Elements of Programming Languages

1 Lecture

Backus Naur Form (BNF)

  • John Backus (inventor of Fortran) and Peter Naur defined the BNF notation in 1959.
  • BNF is a formal mathematical way to describe the syntax of a programming language, thus defines a way to validate the structure of programming language.
  • EBNF is an extension of the BNF allowed for more compact and readable notation.
  • Some symbols in BNF:
    • ? - zero or one (optional).
    • * - zero or more (any number, can be skipped).
    • + - one or more (at least one).
    • () - grouping elements together so they can be treated as a single token.
    • . - one and only one (exactly one).
    • ~ - not (negation), the element cannot be present.
    • .. - range of values.
  • Example: INT: '0'..'9'+; which means that INT is a sequence of one or more digits (0-9).
  • The language in BNF has the following components:
    • Terminal symbols - the vocabulary of the language, the smallest symbols that form its sentences. terminal because they can not be substituted by other symbols. example: if, ==.
    • Non-terminal symbols - symbols that can be defined in terms of other symbols. example: expression, statement, condition.
    • Production rules - define how non-terminal symbols can be defined in terms of other symbols. example: .
    • Start symbol - the symbol that defines the entire language.
  • The syntactic equations of the EBNF generate a Context-Free Grammar (CFG).
  • According to Avram Noam Chomsky, Context-Free means that the left-hand side of the production rule can be replaced by the right-hand side regardless of the context in which it appears.

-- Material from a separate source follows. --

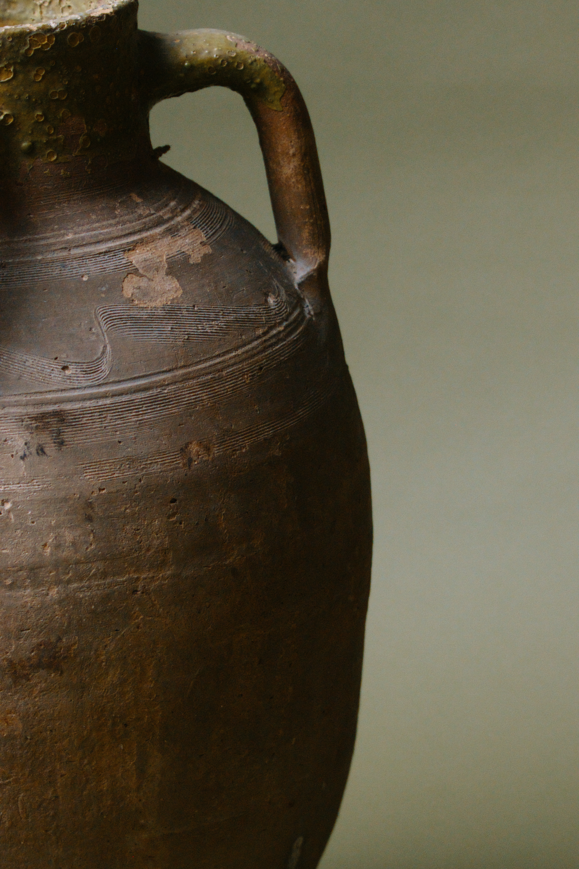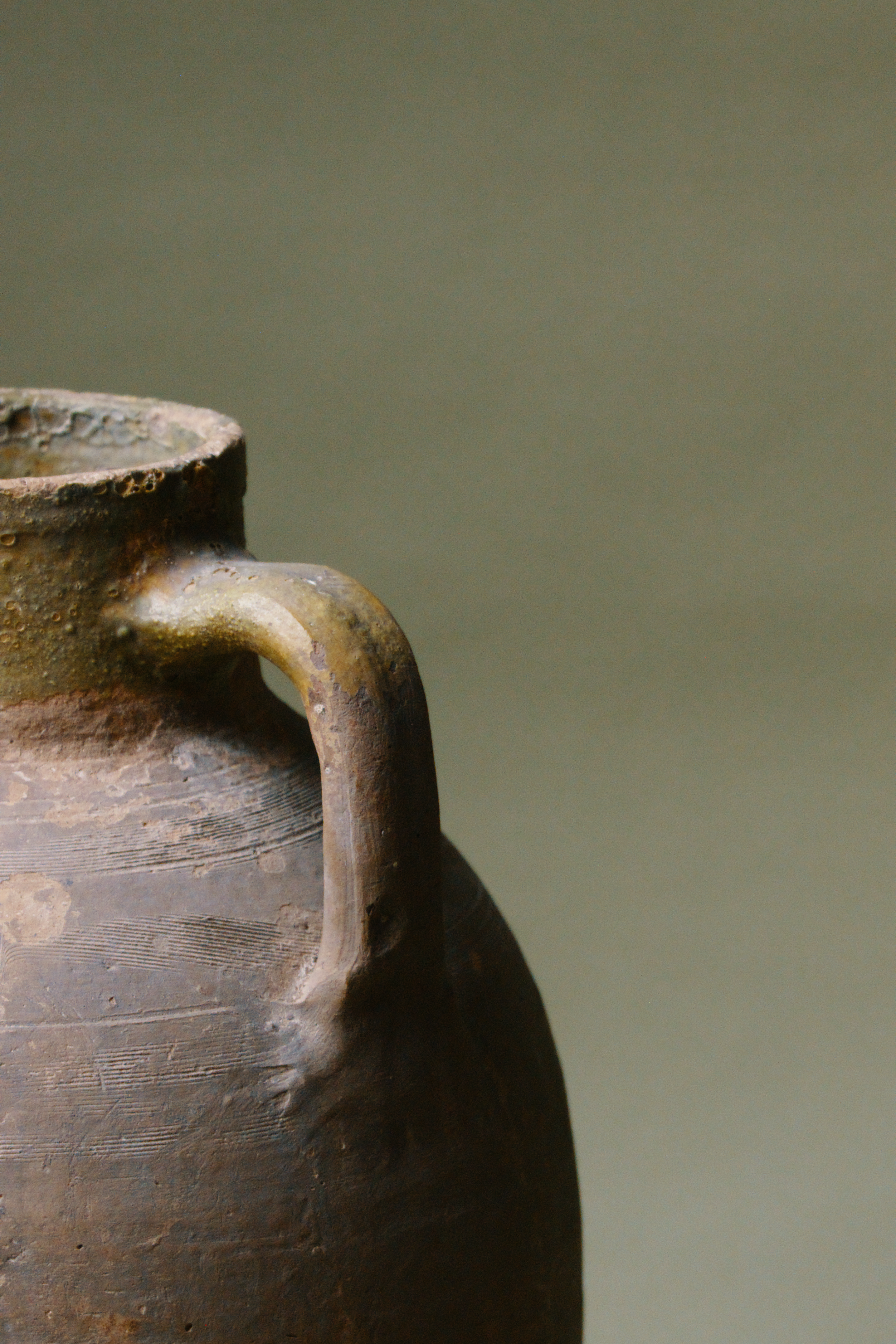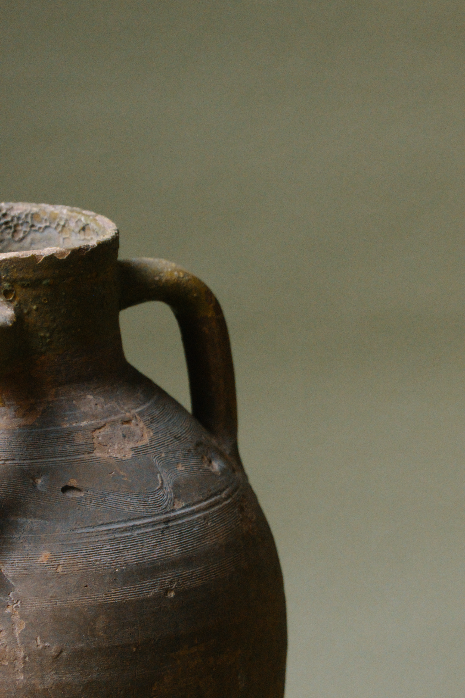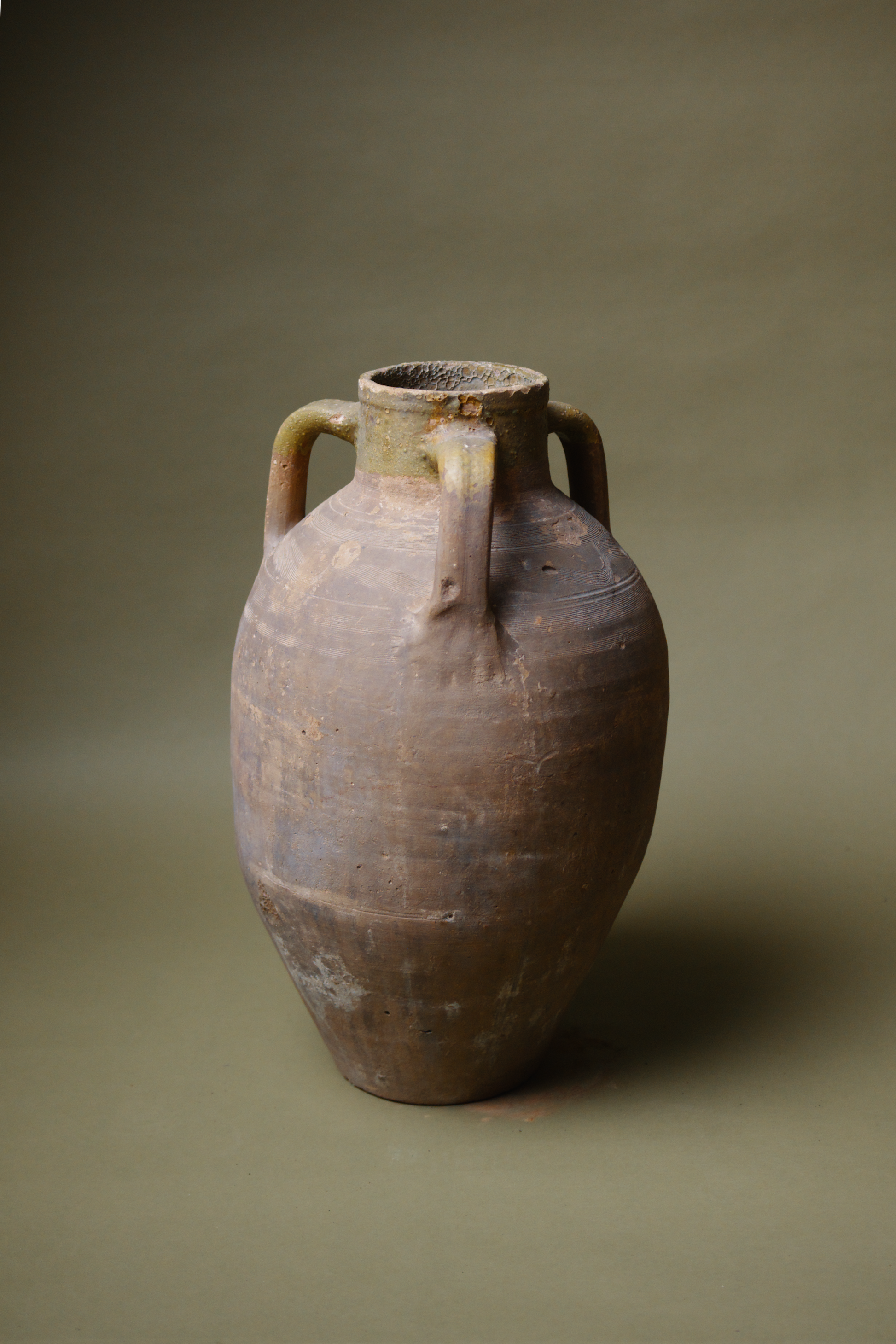This vintage Turkish amphora features a rare triple-handled design, a testament to its practical origins in Anatolia. Handcrafted from terracotta, its tall, tapered form showcases a natural patina developed over decades of use. The textured surface and subtle earthy tones make this piece a standout for those seeking rustic or Mediterranean decor. Perfect as a decorative vase or as a functional vessel for dried floral arrangements, it adds character and history to cottagecore, farmhouse, or eclectic interiors.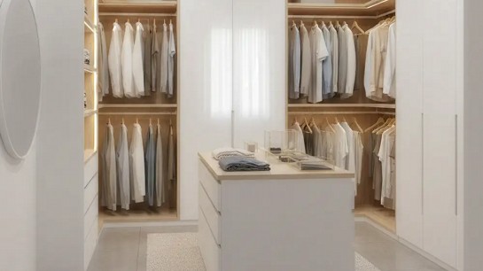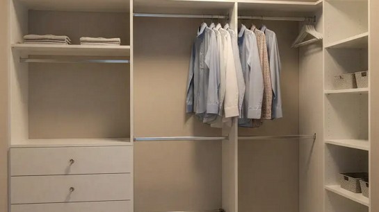 Esse modelo funciona bem tanto em ambientes médios quanto em closet pequeno, sendo comum em suítes e dormitórios onde não há espaço suficiente para um closet em U. A organização costuma ser eficiente, desde que a distribuição interna seja bem planejada.

Compliers and Interpreters

  • Both Complier and Interpreter are programs that translate a program written in a high-level language into a low-level language.
  • The Interpreter translates the program line by line every time the program is executed, while the Complier translates the program only once and then executes the translated program as many times as needed.
  • Analogues:
    • Interpreter: real-time interpreter in a conversation between two people (the translation is done every time).
    • Complier: translating a book from one language to another and then printing the translated book many many times (the translation is done only once).
  • Some compliers/interpreters do not produce machine code directly, instead they produce an intermediate code that is then translated into machine code by another compiler/interpreter.
  • Some Compliers do single pass over the code, while others do multiple passes.
  • The fundamental steps are the same between the compliers/interpreters, but the order of the steps may vary or the details of work within each step may vary depending on the language.
  • There are 4 steps in Compilation/Interpretation process: Lexical Analysis, Syntax Analysis, Type Checking, Code Generation:
    1. Lexical Analysis:
      • The input is a sequence of characters, that is, the content of the source code file as text.
      • The input is divided into tokens (words) that are separated by spaces.
      • The output is a sequence of tokens.
    2. Syntax Analysis:
      • The input is a sequence of tokens.
      • The input is validated according to the language rule sets (BNF or EBNF compatible rules).
      • Two available approaches: Top-Down and Bottom-Up analysis.
      • A parse tree is a data structure that represents the syntactic structure of the program.
      • The output is a an abstract syntax tree (AST).
    3. Type Checking: (part of the semantic analysis)
      • The input is the syntax tree.
      • Extra validation is done to ensure that the types of the variables are correct.
      • There are different approaches to type checking: Static and Dynamic.
      • The output is a Annotated AST.
      • Other semantic analysis tasks include: scope checking and name binding, Access checks e.g. private? public?, etc.
    4. Code Generation:
      • The input is a typed parse tree.
      • Tokens in the syntax tree are translated into the target language’s instructions.
      • The generated code is machine code or intermediate code and may go through additional steps before being executed, like optimization.
      • The final output is machine code that can be executed by the machine.

Type Checking

  • Type is a meta data for a memory location that classifies that the kind of data stored in that memory location.
  • Strong vs Weak typing:
    • Strong typing prevents doing operations on mismatched types without explicit conversion.
    • Weak typing may allow for implicit conversion between types when doing operations on mismatched types. .e.g 1 + "1" = 2 or "1" + 1 = "11".
  • Static vs Dynamic typing:
    • Static typing checks the types of variables at compile time, that is, the type of each variable must be declared before variables are used or assigned values.
    • Dynamic typing checks the types of variables at run time.
  • Type Inference is a feature of some programming languages that allows the type of a variable to be inferred from the context in which it is used, e.g. var x = 1 will infer that x is an integer or if (x) { ... } will infer that x is a boolean.
  • Hindley-Milner is a type inference algorithm that can infer the most general type of a function without any type annotations.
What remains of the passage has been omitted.